#### TASK INSTRUCTIONS:
Of all the entries below, retype only the lines from the one with "Contenido: 6 láminas" through the one with "秋季 新款 官方正品 安踏男鞋 休闲跑步鞋 男款 黑色皮面男士 子男 运动鞋", exactly as they appear.
───── GIVEN RECORDS ─────
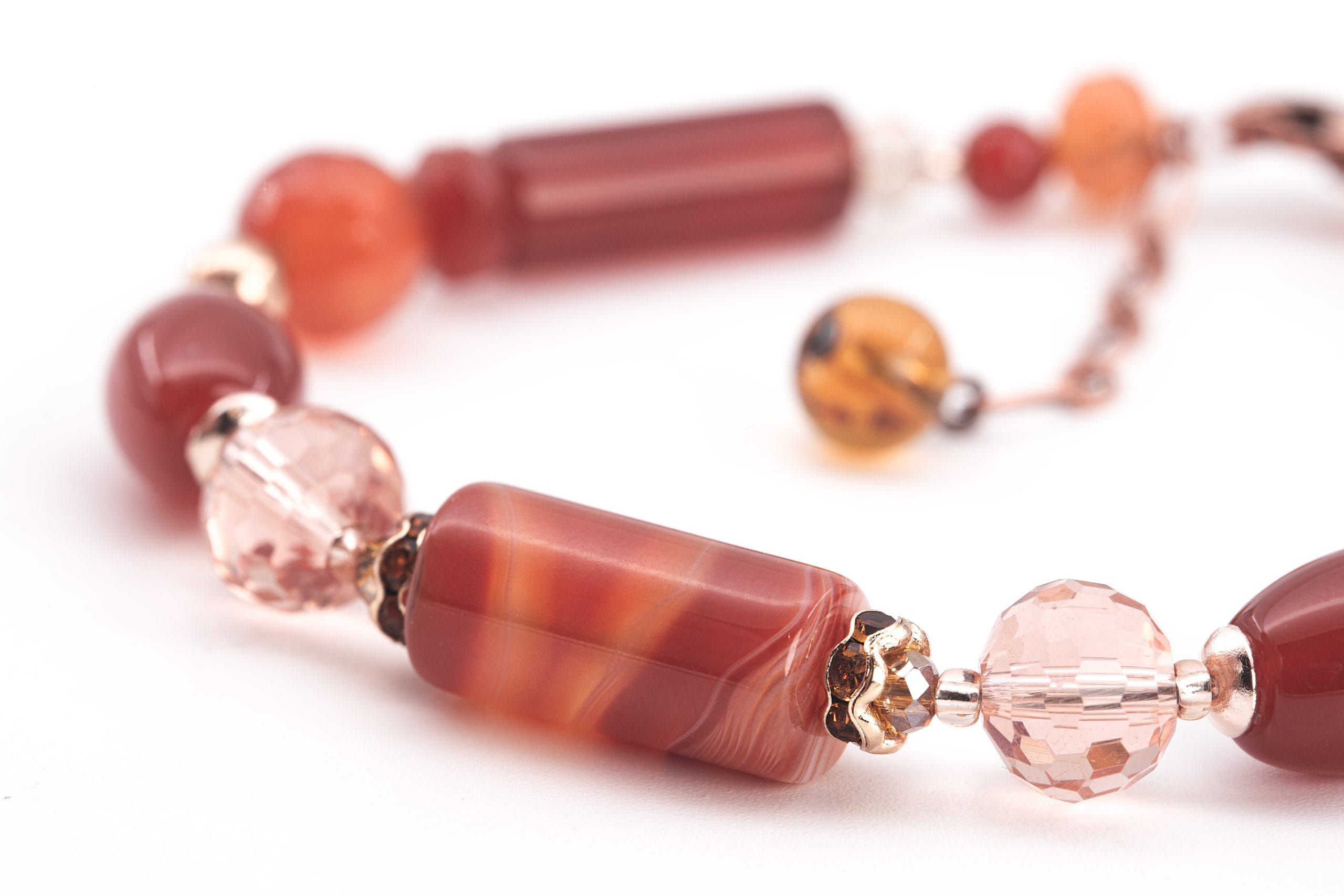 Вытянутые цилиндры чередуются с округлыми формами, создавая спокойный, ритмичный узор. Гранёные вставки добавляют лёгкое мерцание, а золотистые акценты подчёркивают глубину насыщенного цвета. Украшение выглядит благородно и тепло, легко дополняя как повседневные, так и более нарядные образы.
─────
───── GIVEN RECORDS ─────
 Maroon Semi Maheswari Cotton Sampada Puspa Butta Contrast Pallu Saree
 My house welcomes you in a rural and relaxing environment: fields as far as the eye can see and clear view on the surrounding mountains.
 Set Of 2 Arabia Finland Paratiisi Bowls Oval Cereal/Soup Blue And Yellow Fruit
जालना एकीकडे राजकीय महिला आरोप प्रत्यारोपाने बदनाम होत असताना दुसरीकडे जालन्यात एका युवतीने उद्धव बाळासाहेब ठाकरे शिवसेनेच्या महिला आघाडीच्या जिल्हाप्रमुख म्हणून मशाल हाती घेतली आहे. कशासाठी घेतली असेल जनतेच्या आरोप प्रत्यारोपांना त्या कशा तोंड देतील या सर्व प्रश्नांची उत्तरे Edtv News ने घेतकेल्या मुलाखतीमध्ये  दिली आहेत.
─────
───── GIVEN RECORDS ─────
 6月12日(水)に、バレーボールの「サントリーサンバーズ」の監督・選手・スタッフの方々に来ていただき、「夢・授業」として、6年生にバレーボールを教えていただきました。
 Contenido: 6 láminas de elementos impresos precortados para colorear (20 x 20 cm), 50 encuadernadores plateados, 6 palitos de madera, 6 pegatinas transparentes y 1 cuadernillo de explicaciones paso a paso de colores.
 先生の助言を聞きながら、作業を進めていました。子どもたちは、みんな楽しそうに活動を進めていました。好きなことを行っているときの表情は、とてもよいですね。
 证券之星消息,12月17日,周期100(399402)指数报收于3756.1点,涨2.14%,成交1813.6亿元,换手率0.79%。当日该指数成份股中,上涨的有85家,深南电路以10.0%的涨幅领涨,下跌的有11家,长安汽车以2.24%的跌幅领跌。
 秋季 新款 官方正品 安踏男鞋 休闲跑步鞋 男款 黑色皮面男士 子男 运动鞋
─────
#### OUTPUT:
 Contenido: 6 láminas de elementos impresos precortados para colorear (20 x 20 cm), 50 encuadernadores plateados, 6 palitos de madera, 6 pegatinas transparentes y 1 cuadernillo de explicaciones paso a paso de colores.
 先生の助言を聞きながら、作業を進めていました。子どもたちは、みんな楽しそうに活動を進めていました。好きなことを行っているときの表情は、とてもよいですね。
 证券之星消息,12月17日,周期100(399402)指数报收于3756.1点,涨2.14%,成交1813.6亿元,换手率0.79%。当日该指数成份股中,上涨的有85家,深南电路以10.0%的涨幅领涨,下跌的有11家,长安汽车以2.24%的跌幅领跌。
 秋季 新款 官方正品 安踏男鞋 休闲跑步鞋 男款 黑色皮面男士 子男 运动鞋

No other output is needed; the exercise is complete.